[Work instruction]
The task for the listing below is to write out exactly the lines starting at the one containing "Shien Sit-to-Stand Learning" and ending at the one containing "Green Floral High Waist Brief for Lady", both included. Pictures are to be omitted.

[Excerpted records]
********
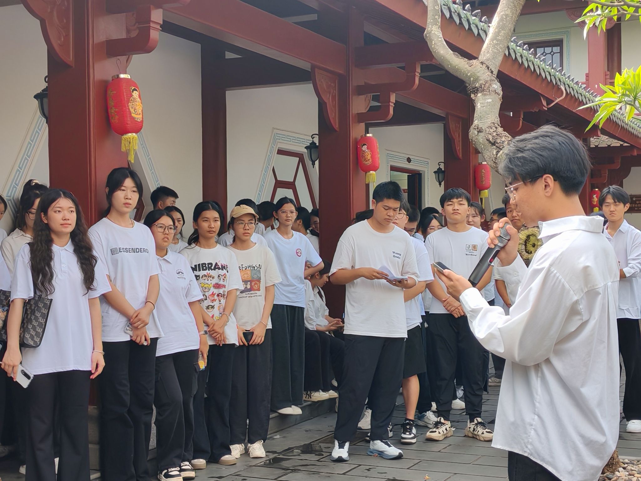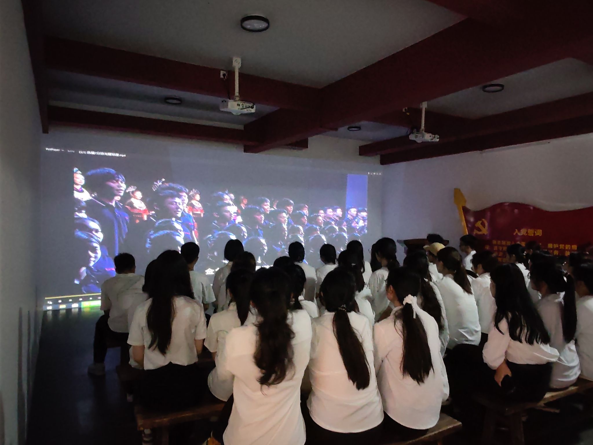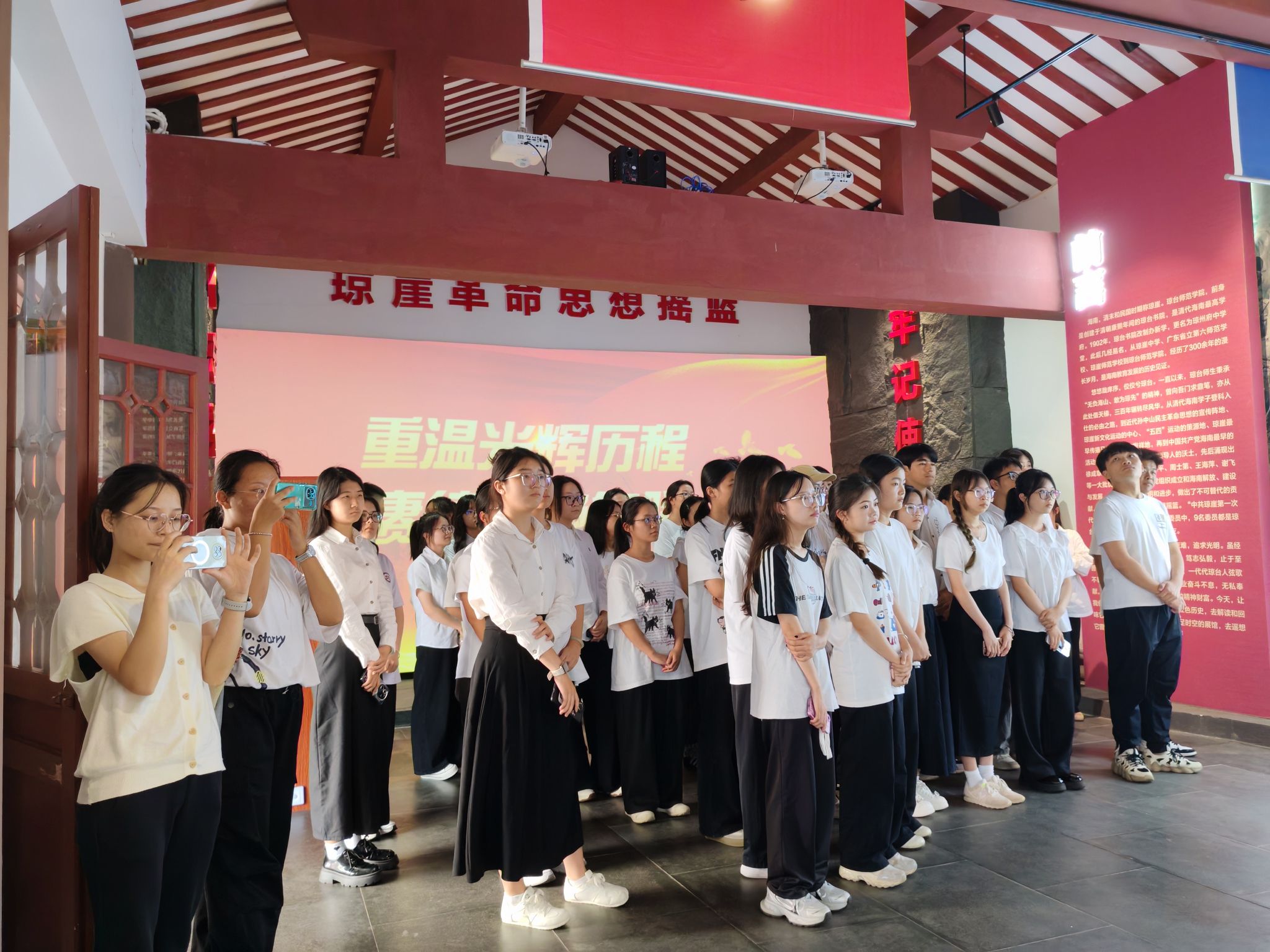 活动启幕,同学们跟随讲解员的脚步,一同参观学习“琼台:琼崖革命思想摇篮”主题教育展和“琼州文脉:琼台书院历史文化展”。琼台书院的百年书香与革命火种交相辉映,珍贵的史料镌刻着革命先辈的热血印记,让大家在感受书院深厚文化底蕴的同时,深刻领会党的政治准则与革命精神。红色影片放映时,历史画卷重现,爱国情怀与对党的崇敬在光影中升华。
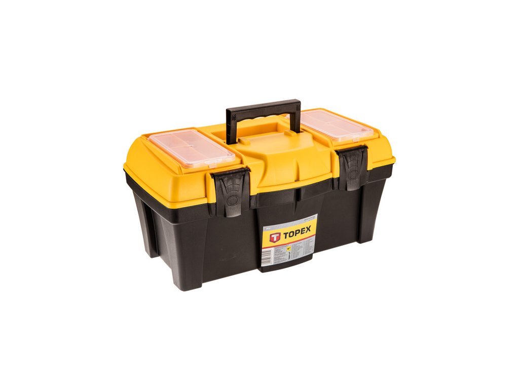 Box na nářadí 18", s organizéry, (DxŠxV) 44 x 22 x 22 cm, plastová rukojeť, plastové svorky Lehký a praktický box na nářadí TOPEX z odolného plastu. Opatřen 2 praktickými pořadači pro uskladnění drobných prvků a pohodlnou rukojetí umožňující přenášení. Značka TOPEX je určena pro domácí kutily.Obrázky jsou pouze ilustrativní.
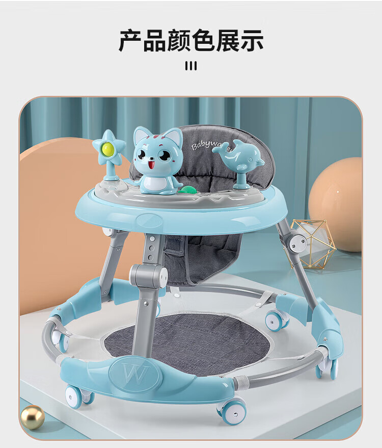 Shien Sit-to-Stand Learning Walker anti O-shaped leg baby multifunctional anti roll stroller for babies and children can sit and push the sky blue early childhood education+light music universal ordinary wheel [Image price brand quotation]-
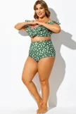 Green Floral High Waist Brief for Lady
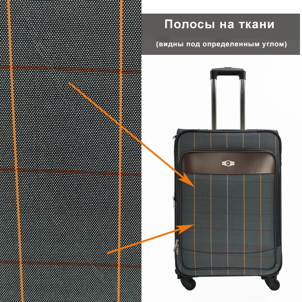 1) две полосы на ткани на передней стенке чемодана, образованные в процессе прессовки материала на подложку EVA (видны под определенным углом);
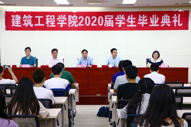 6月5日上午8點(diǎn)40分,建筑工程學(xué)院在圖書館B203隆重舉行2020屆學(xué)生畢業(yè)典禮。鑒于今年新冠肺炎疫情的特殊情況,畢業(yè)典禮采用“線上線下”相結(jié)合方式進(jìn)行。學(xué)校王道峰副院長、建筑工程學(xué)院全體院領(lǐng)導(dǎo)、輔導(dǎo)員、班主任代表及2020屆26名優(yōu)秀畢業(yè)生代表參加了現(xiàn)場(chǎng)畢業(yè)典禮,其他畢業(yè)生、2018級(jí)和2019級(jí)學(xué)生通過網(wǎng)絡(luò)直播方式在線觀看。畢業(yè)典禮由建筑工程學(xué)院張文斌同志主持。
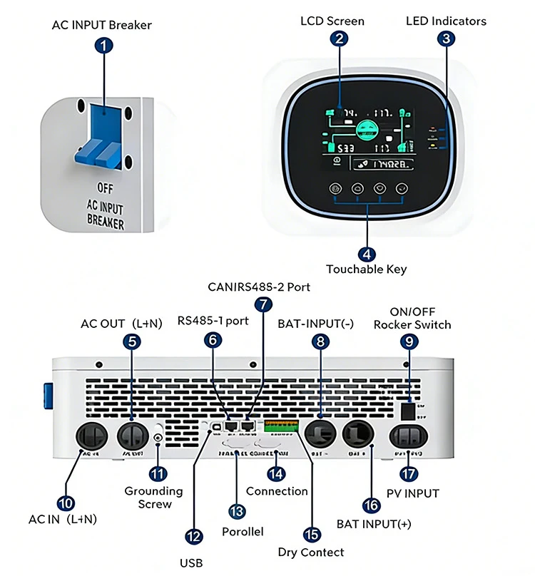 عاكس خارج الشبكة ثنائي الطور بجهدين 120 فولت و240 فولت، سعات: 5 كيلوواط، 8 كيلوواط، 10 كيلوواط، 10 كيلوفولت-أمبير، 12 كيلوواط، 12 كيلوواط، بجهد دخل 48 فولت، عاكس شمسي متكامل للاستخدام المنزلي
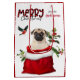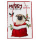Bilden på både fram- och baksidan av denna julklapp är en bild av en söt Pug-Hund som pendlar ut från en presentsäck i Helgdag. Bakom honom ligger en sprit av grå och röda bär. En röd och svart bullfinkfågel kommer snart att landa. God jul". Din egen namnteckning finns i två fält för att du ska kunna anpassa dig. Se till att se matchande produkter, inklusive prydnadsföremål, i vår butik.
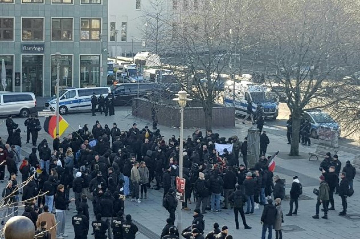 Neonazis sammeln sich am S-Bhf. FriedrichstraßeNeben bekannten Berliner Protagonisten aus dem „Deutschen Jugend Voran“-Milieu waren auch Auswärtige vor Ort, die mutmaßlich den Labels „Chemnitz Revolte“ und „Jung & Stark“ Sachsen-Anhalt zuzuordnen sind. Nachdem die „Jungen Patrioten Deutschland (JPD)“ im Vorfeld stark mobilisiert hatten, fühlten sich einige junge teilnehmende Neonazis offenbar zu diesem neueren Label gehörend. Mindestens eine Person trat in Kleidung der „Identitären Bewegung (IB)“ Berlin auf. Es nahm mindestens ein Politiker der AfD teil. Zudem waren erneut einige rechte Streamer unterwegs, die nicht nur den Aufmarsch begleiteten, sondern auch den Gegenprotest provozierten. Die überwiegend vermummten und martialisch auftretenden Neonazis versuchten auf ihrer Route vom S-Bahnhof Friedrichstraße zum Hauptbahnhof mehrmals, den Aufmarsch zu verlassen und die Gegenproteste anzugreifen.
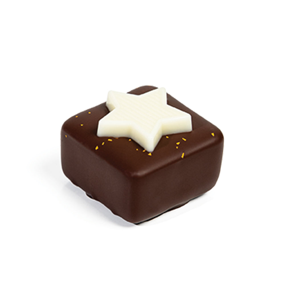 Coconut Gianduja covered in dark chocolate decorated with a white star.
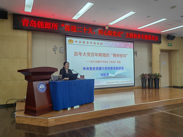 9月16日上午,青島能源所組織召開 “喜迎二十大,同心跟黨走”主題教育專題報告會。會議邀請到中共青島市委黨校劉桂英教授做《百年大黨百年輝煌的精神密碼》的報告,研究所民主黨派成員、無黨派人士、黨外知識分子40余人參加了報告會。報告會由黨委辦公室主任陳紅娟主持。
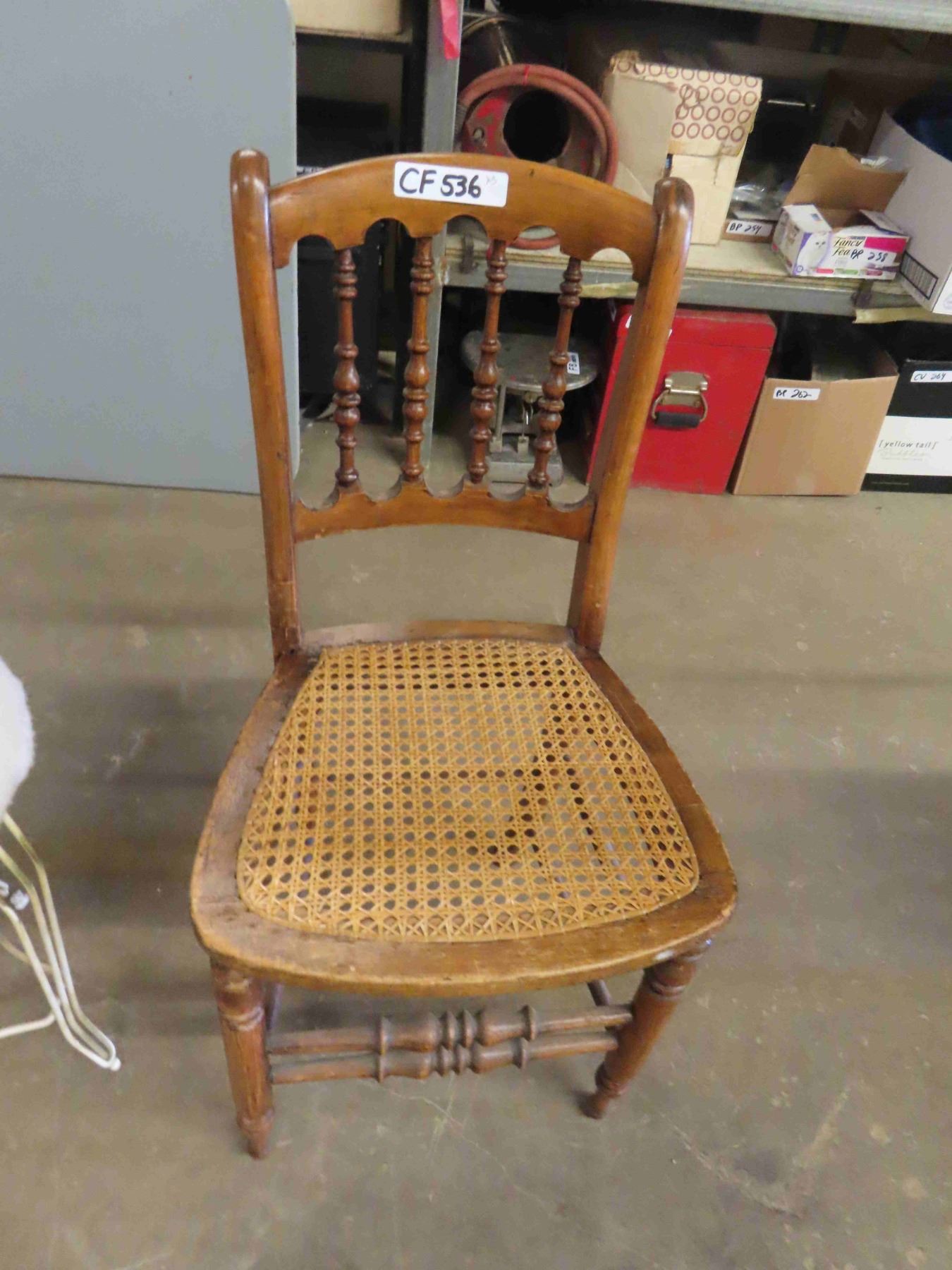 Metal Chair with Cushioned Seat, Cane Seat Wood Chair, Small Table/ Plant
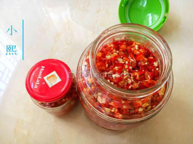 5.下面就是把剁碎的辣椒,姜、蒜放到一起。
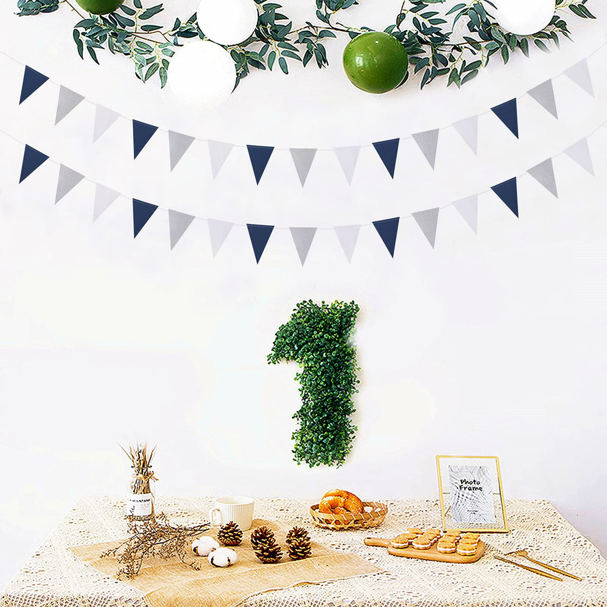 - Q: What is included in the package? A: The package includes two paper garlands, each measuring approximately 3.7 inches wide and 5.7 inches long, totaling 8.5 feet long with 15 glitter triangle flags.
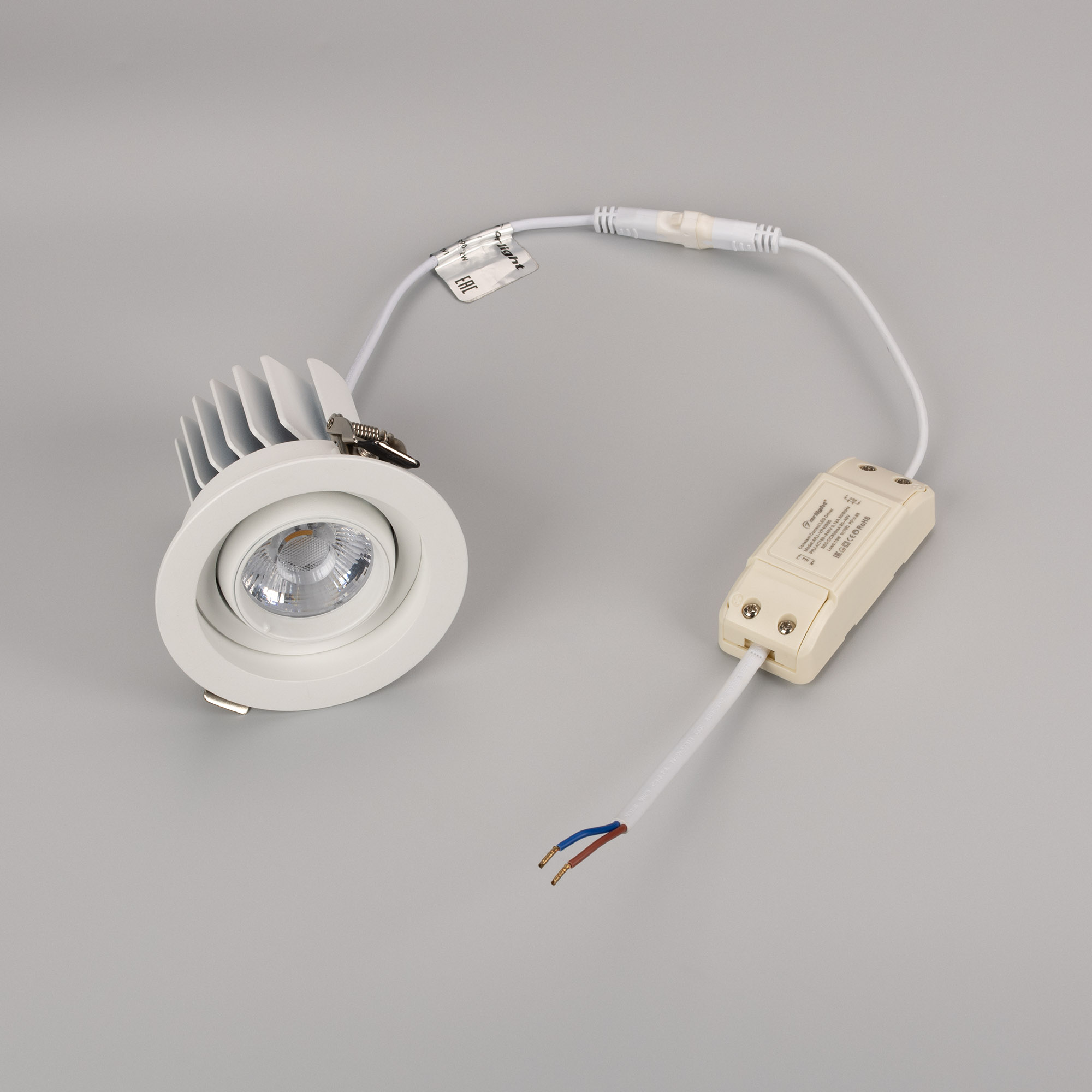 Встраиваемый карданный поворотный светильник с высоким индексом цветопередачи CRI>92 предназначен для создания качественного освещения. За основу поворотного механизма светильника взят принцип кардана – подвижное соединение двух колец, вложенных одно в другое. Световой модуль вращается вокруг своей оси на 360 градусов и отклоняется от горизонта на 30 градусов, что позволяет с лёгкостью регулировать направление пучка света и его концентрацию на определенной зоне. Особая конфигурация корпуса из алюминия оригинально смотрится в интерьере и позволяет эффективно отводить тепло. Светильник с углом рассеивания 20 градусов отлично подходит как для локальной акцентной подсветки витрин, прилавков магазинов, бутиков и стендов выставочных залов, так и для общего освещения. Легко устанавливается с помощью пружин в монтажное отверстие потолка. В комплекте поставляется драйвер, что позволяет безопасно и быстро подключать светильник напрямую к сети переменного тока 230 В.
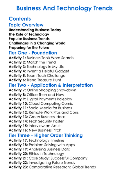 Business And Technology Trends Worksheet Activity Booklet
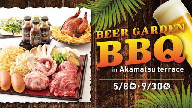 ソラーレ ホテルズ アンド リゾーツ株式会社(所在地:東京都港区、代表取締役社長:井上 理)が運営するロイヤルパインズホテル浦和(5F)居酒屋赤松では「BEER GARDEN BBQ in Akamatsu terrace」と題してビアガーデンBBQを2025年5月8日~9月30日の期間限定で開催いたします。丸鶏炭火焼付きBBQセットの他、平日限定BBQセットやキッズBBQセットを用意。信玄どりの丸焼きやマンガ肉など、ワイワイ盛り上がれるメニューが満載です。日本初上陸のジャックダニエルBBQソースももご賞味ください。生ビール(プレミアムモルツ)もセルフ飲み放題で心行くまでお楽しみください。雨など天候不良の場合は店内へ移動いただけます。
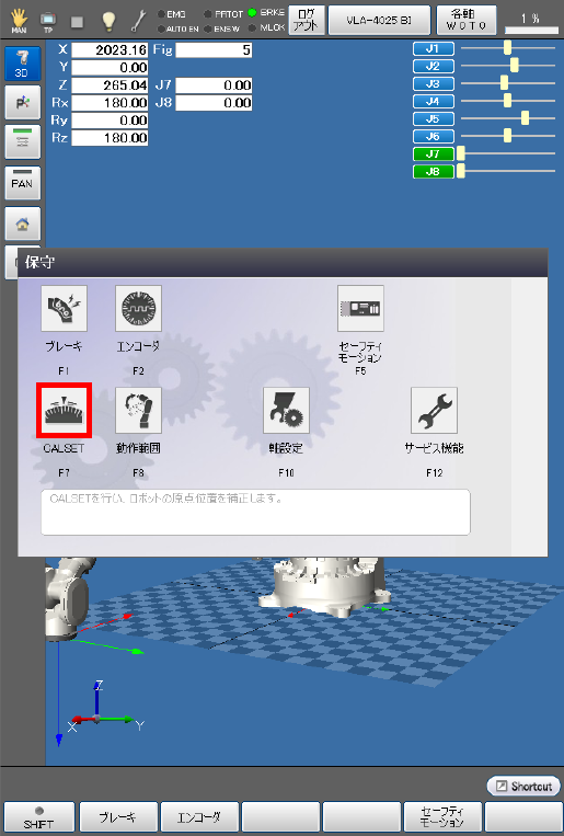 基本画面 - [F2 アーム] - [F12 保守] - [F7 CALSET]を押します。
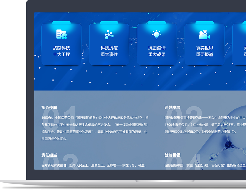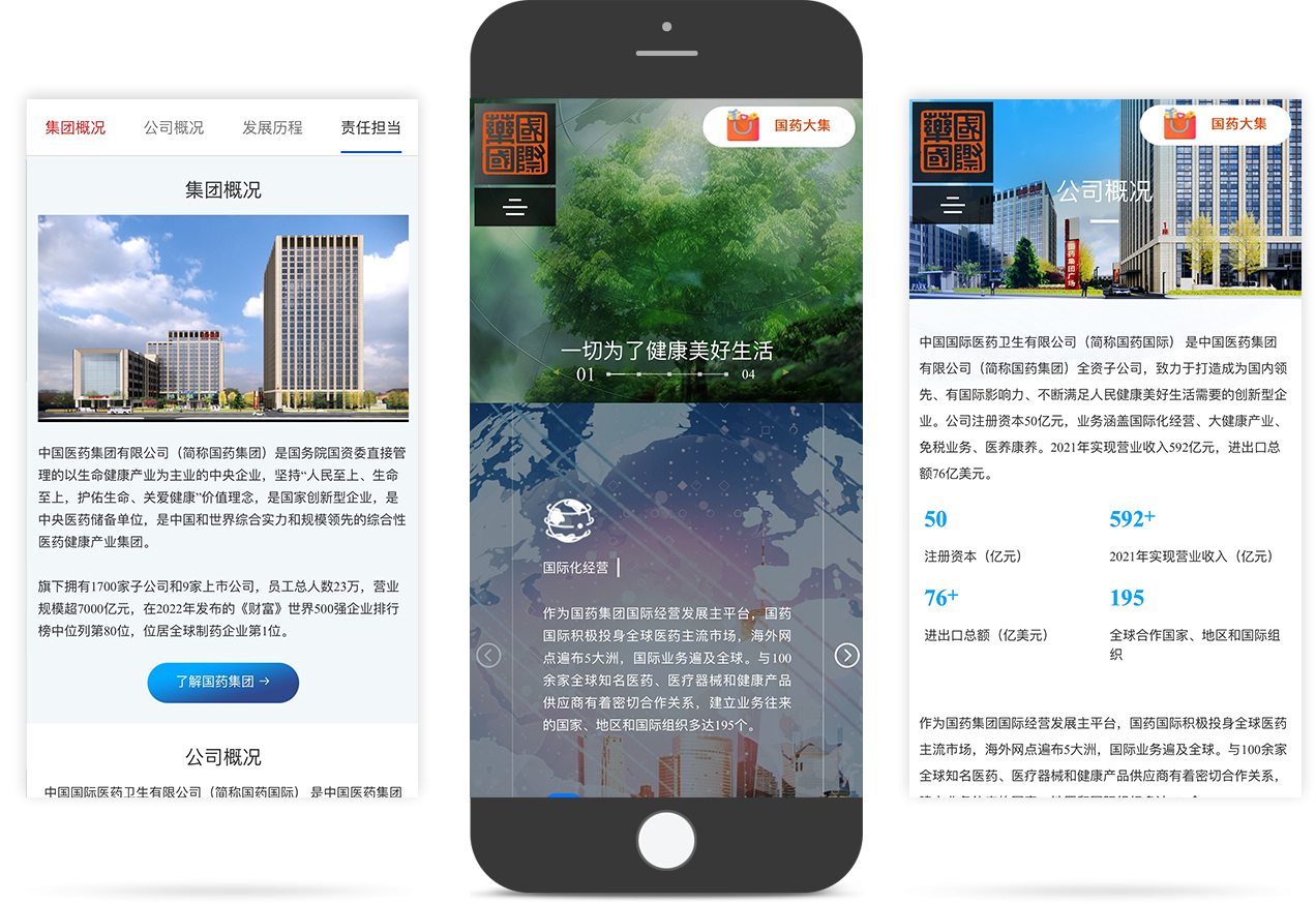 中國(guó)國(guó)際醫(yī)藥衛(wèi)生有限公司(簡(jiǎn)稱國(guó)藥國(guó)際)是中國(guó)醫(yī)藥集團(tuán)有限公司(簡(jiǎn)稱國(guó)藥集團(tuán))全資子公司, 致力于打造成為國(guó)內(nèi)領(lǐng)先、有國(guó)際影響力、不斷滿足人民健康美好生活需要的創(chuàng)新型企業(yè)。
********
[Result for this task]
 Shien Sit-to-Stand Learning Walker anti O-shaped leg baby multifunctional anti roll stroller for babies and children can sit and push the sky blue early childhood education+light music universal ordinary wheel [Image price brand quotation]-
 Green Floral High Waist Brief for Lady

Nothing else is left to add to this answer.